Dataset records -
◆ ◆ ◆

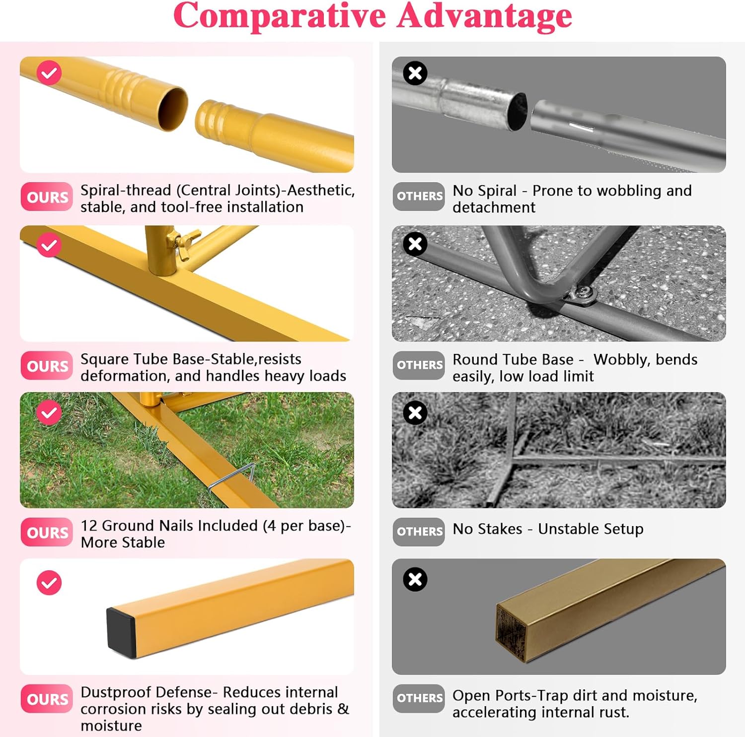 • Sturdy & Aesthetic Connections:YAYOYA wedding arch stand features spiral-threaded joints instead of traditional screws at central structural connection points. It not only creates an aesthetic but also ensures rock-solid stability
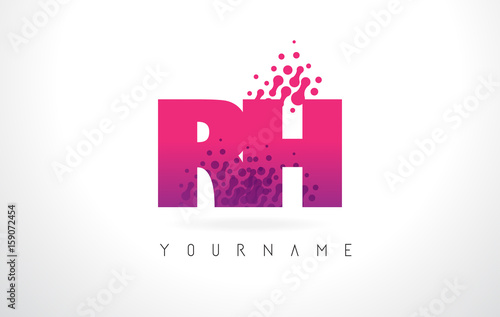 Fototapeta premium RH R H Letter Logo with Pink Purple Color and Particles Dots Design.
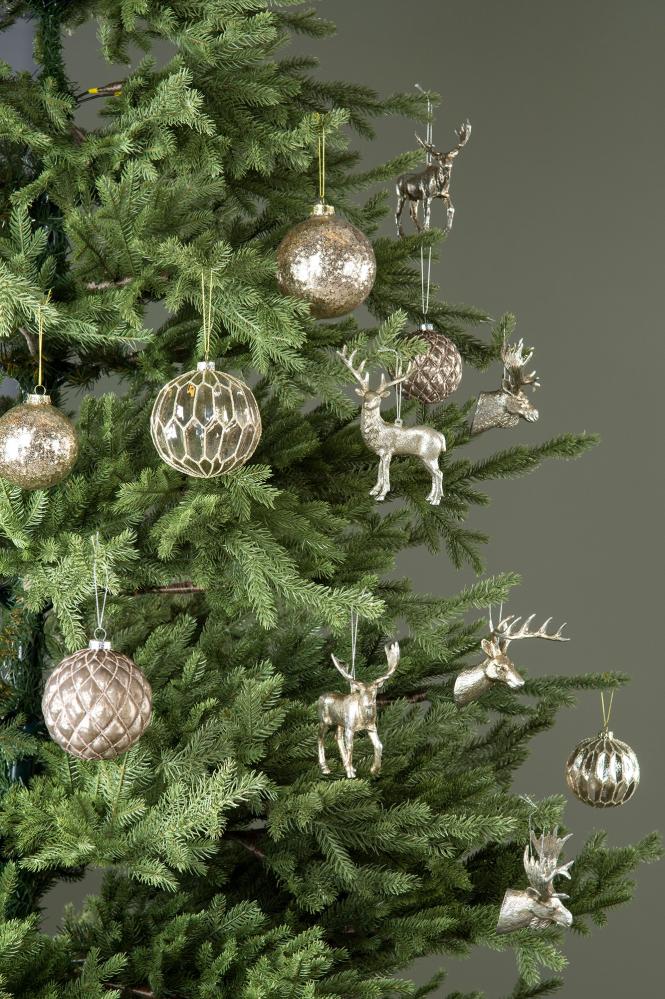 En vakker hjortekrone å henge på juletreet. Fargen er champagne og er gull- og sølvfarget. Passer derfor fint uansett om man vil ha en jul i gull eller sølv.
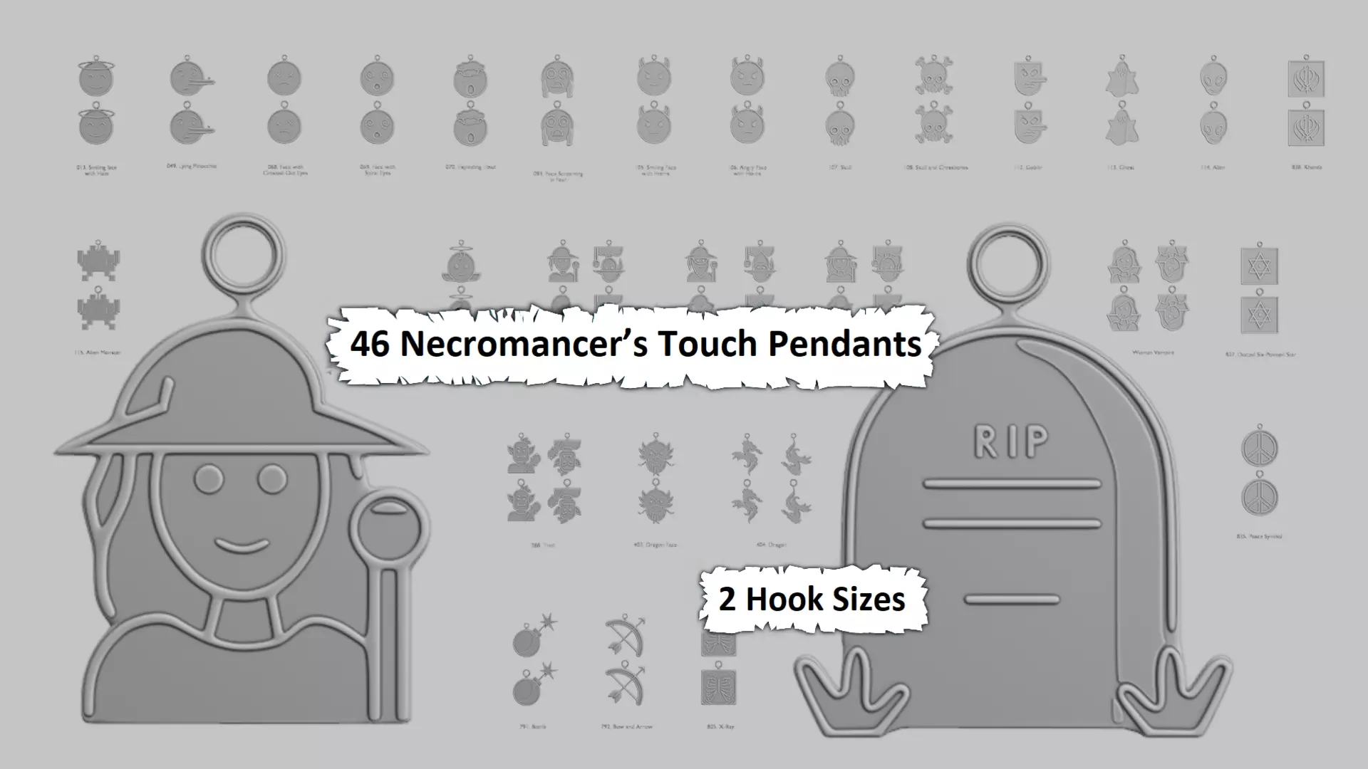 Enter the arcane world of skulls, spells, and spooky vibes with this mystical pendant set, ideal for necklaces, keychains, cosplay accessories, or summoning snacks. Each pendant comes with two hook size variations, crafted in Original Blend and exported to STL, fully ready to print.
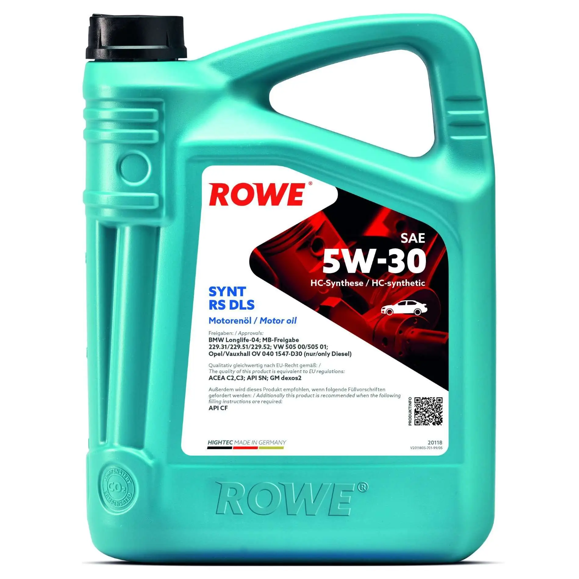 Huile moteur ROWE 5W30 SYNT RS 5L Pour véhicule avec Code moteur M57TU Contenance 8,25 I Critères Autorisation du fabricant : BMW Longlife-04, MB 229.31/229.51, MB 229.52, 229.31/229.51/229.52, OV 040 1547-D30 Capacité [litres] : 5 I Huile : Huile de synthèse HC (Hydro-Cracked) Recommandation du fabricant d'huile : GM dexos2 Spécification : ACEA C2,C3, API SN, API CF

◆ ◆ ◆

Goal of the exercise - Keeping every word as it is, write out all the data and omit the pictures.

Answer section -
 • Sturdy & Aesthetic Connections:YAYOYA wedding arch stand features spiral-threaded joints instead of traditional screws at central structural connection points. It not only creates an aesthetic but also ensures rock-solid stability
 Fototapeta premium RH R H Letter Logo with Pink Purple Color and Particles Dots Design.
 En vakker hjortekrone å henge på juletreet. Fargen er champagne og er gull- og sølvfarget. Passer derfor fint uansett om man vil ha en jul i gull eller sølv.
 Enter the arcane world of skulls, spells, and spooky vibes with this mystical pendant set, ideal for necklaces, keychains, cosplay accessories, or summoning snacks. Each pendant comes with two hook size variations, crafted in Original Blend and exported to STL, fully ready to print.
 Huile moteur ROWE 5W30 SYNT RS 5L Pour véhicule avec Code moteur M57TU Contenance 8,25 I Critères Autorisation du fabricant : BMW Longlife-04, MB 229.31/229.51, MB 229.52, 229.31/229.51/229.52, OV 040 1547-D30 Capacité [litres] : 5 I Huile : Huile de synthèse HC (Hydro-Cracked) Recommandation du fabricant d'huile : GM dexos2 Spécification : ACEA C2,C3, API SN, API CF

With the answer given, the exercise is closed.